“I’ve got it. I’ve got it. I’ve got it. I don’t got it,” says a character in the Albert Brooks film, High Anxiety, dropping the trunk to the ground, then repeating the comical sequence. Just when I think I have a handle on how to work my lifestyle successfully, I drop the giant trunk to a symphony of, “I don’t got it.” Today was one of those days. I stayed within my normal array of foods, but felt a lack of control, a sense of urgency to eat considerably more, a desire to relieve a discomfort that my old psyche believed food could alleviate. Physically distressed by a minor surgical procedure, I circled around the discomfort searching for any alternative. Food came to the rescue like an emergency vehicle ringing its sirens, racing to my aid and expecting to save me from demise.

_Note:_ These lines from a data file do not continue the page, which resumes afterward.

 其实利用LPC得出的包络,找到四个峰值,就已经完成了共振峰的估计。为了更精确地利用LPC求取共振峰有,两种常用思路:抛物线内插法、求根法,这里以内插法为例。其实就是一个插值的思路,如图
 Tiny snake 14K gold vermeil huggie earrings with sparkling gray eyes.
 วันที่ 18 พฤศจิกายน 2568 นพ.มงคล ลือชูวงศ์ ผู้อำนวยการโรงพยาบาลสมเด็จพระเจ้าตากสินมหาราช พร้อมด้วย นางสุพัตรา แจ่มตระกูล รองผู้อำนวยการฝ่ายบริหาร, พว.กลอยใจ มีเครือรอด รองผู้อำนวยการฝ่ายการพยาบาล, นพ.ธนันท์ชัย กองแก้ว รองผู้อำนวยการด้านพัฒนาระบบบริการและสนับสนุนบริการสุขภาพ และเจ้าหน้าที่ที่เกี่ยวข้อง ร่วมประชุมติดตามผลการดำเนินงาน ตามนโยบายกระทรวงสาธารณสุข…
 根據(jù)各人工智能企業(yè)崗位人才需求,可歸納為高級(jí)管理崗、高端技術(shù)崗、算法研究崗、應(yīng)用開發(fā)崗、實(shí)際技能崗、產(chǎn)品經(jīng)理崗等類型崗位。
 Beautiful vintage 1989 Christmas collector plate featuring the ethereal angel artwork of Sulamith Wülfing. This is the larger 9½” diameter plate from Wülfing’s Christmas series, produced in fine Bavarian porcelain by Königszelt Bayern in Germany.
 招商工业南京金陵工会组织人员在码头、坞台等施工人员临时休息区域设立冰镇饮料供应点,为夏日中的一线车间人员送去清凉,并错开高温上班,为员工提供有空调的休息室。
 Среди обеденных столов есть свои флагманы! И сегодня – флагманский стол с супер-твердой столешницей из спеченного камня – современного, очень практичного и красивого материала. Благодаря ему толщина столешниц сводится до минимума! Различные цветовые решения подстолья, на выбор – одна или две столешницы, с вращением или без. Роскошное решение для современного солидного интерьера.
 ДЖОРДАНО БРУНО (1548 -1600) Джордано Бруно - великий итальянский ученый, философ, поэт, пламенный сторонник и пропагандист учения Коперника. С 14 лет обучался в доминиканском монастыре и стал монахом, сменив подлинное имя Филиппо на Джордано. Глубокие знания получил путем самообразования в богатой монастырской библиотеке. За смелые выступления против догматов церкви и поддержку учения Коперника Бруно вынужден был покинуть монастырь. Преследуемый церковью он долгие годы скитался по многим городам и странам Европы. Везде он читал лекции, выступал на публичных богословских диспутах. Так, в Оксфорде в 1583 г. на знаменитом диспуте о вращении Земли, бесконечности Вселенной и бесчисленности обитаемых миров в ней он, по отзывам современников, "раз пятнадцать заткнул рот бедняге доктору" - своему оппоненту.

Although food comforts me with immediate gratification and distraction, it fuels the fire rather than douses the flames. Food battles the hurt, aims to distract the pain, but eventually causes greater emotional distress. By observing my behavior post-excessive eating, I notice the pain still exists with additional emotions awaiting their turn to be felt. My disappointment, anxiety, and bloatedness, additional ailments, plague me, while still in search of physical and now, mental relief. The ruckus from eating one’s discomfort snowballs into a morphed mess. Even with the knowledge, experience, and recognition of these steps in play while they occur, I drop the trunk anyway, waylaying into the turmoil I know well and have often overcome. “I got it. I got it. I got it. I don’t got it.”
Part of the process is to dust yourself off and rally after damage is done, rather than finishing off an ice cream sundae. Stopping the cycle in its tracks with awareness is true victory. Imperative to recognize one’s imperfection, repeal the past, and move along formidably, is to note the lessons for future action. Phone a friend, ask the audience, give yourself a 50:50 chance, or leave well enough alone by walking away with past success; find new ground to begin again immediately. No one needs to push limits when a minute later a new choice may be made. Instead learn from mistakes and make new decisions setting present and future victory into motion. Sometimes you got it, sometimes you don’t. Today, “I got it. I got it. I got it. I don’t got it.” The journey continues with “I got it” until “I don’t got it” again.